Cohera Medical has received approval from the United States Food and Drug Administration to begin the first no-drain clinical trial for its TissuGlu Surgical Adhesive product in the U.S. The randomized, controlled, prospective multicenter non-inferiority study will compare the standard wound closure technique with drains (control) to the standard wound closure technique including TissuGlu and no drains (test) during abdominoplasty procedures.
The study will begin in early 2013 and take place at five prominent surgery centers in the following regions: Washington, DC; Baltimore, MD; Charlotte, NC; Los Angeles, CA; and Dallas, TX. A total of 130 patients undergoing abdominoplasty procedures will be randomized and divided into either a treatment group with the application of TissuGlu or a control group without the use of TissuGlu.

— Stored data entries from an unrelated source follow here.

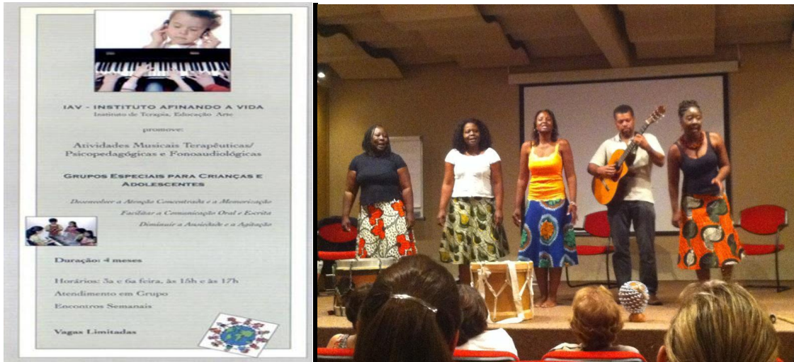
2012 intercambio e pesquisa cultural pelas comunidades indígenas ribeirinhas do rio negro e Solimões – Amazônia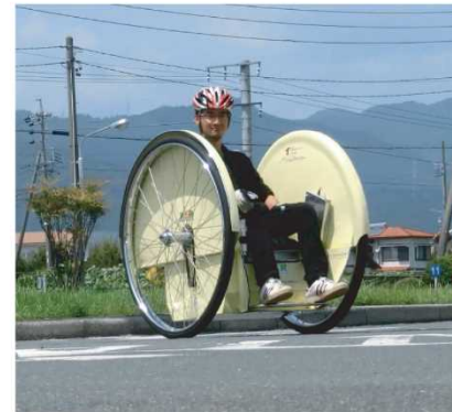
図2 着座式二輪ビークルの外観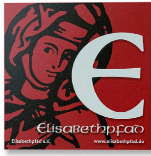
2 Elisabethpfad Pilgerzeichen Aluschildplatte 3 mm Preis = 5€ ProduktNr: Ek-B10109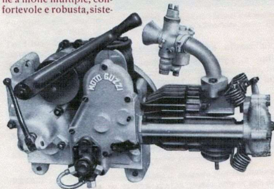
Il motore visto dal lato della distribuzione.

Ruote: Cerchi a canali e pneumatici "Pirelli" 25 x 3.00.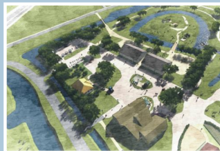
15 Crowdfunding Stadshoeve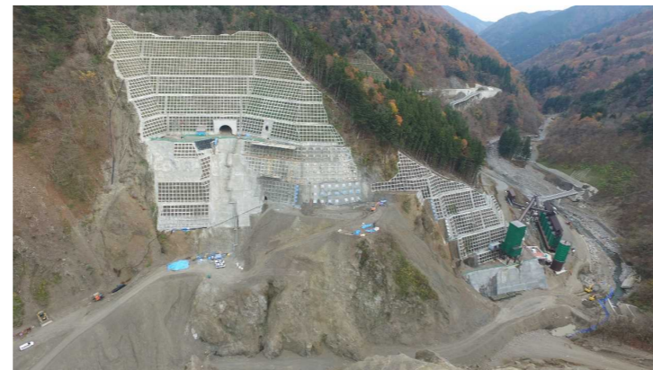
③ ダムサイト状況(右岸上空より望む)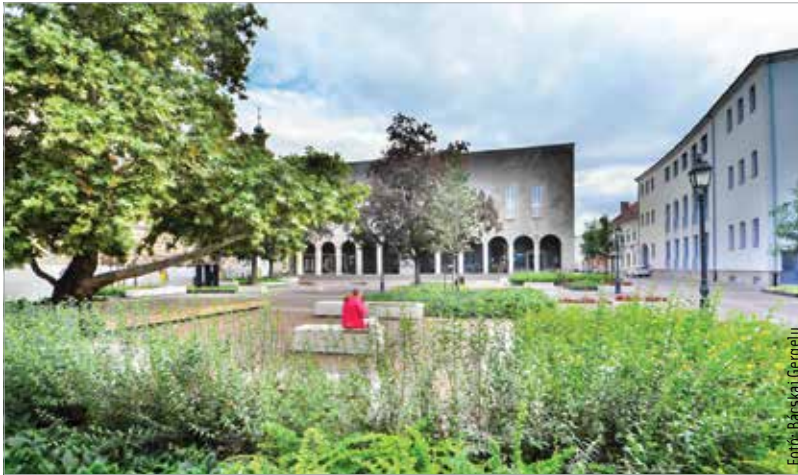
A munkák befejezése június végére várható. A lezárt területre érvényes behajtási engedélyeket a környező utcákban is elfogadják.

séges megjelenést ölthet, és igazi közösségi térként funkcionálhat. A burkolatépítéshez kapcsolódóan az Oskola utcában a forgalmi rend is megváltozott. A gépjármű-forgalom elől lezárásra került az Oskola utca Ady Endre utca és Szent János köz közötti, Bartók Béla térrel határolt szakasza. Az építési munkálatok időtartama alatt az Oskola utca az Ady Endre utca–Jókai utca–Városház tér útvonalon, a Hiemer-ház előtti útszakasz igénybevételeivel közelíthető meg, és hagyható el az ellenkező irányban.

“Drain management and discomfort is the leading patient complaint for plastic surgery procedures according to the top plastic surgery publications,” said Joseph P. Hunstad MD, FACS, of the The Hunstad-Kortesis Center, Charlotte, NC. “We are excited to begin enrolling patients and we believe that completely eliminating the use of drains would significantly improve patient care and satisfaction.”
According to Cohera, TissuGlu adheres the tissue flap created during the procedure to the underlying tissue, helping to reduce the fluid that can accumulate in the space during healing and ultimately reducing the need for postoperative drains to remove the fluid.